Sex and the City Season 3 Episode 8: "The Big Time" Quotes
Carrie: Ladies, I'm not tampax central. Put on list, buy tampons.
Charlotte: Well, I have them at home, but they won't fit in my Kate suede purse.
Miranda : Kate, must have a tiny vagina.
Charlotte: I'm in love with him.
Miranda: Your not in love with him, your in love with the very expensive watch he gave you.
Big: That's some outfit kid.
Carrie: Oh, really, you think? Well, if you like this one, you'd love the one being held hostage on seventy-fourth and Lex.
Big: What was that back there?
Carrie: I don't know.
Big: Can't we have a conversation anymore?
Carrie: I don't know, can we?
Big: Around Brooklyn, there's going to be a mutiny. Pass it on.
Carrie: That's a spiffy opener.
Big: I try.
Apparently, one woman's titantic is another woman's love boat.
Carrie
Big and I trapped together on a boat without dates, and we were two miles off shore and there was no way off. Children and women with emotional baggage first.
Carrie
Trey: It was fate, if my mother didn't give me such bad gifts, this wonderful gift would have never come into my life.
Charlotte: Aw!
a baby is crying next to them
Miranda: Since when did it became appropriate to bring babies in restaurants?
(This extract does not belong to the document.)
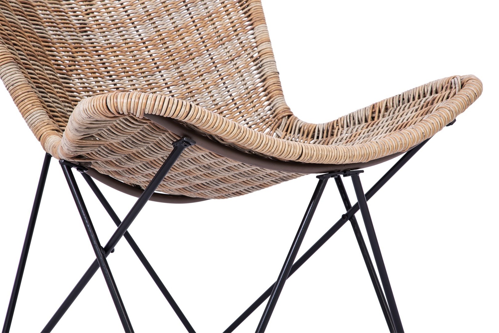 Nekonvenčné trojuholníkové nožičky zaujímavo kontrastujú s guľatejším vrškom kresla. Nadčasový dizajn s jemným výpletom sa rovnako dobre dá použiť v obývačke, na záhrade aj na balkóne.
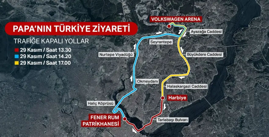 İstanbul Valiliği, Papa 14. Leo’nun İstanbul ziyareti nedeniyle 29 Kasım Cumartesi günü bazı yolların geçici olarak trafiğe kapatılacağını açıkladı. Yetkililer, sürücülerin alternatif güzergahları kullanmaları konusunda uyardı.

Steve: Aw, come on, his cute.
Miranda: God, invented babysitters for a reason.
Miranda: Well, I for one can't wait for menopause. Do you realise how free it would be not to have or periods.
Charlotte: Oh, I can't wait till flow stops coming to town.
Samantha: No one calls it flow.
Miranda: I think my grandmother did.
Charlotte: Oh, my God! Vagina Weights.
Samantha: Honey, my vagina waits for no man.
Charlotte: Listen to this, sometime in ten years before menopause, you may experience symptoms including all month pms, fluid retention, insomnia, depression, hot flashes or irregular periods.
Carrie: On the plus side, people start to give up their seats for you on the bus.
Samantha: This is a catalog for pre-menopausal women.
Miranda: New Transitions, nice name.
Samantha: Why don't they call it what it is? J Crew for women who are drying up, and FYI, I'm not in transition, I'm happening.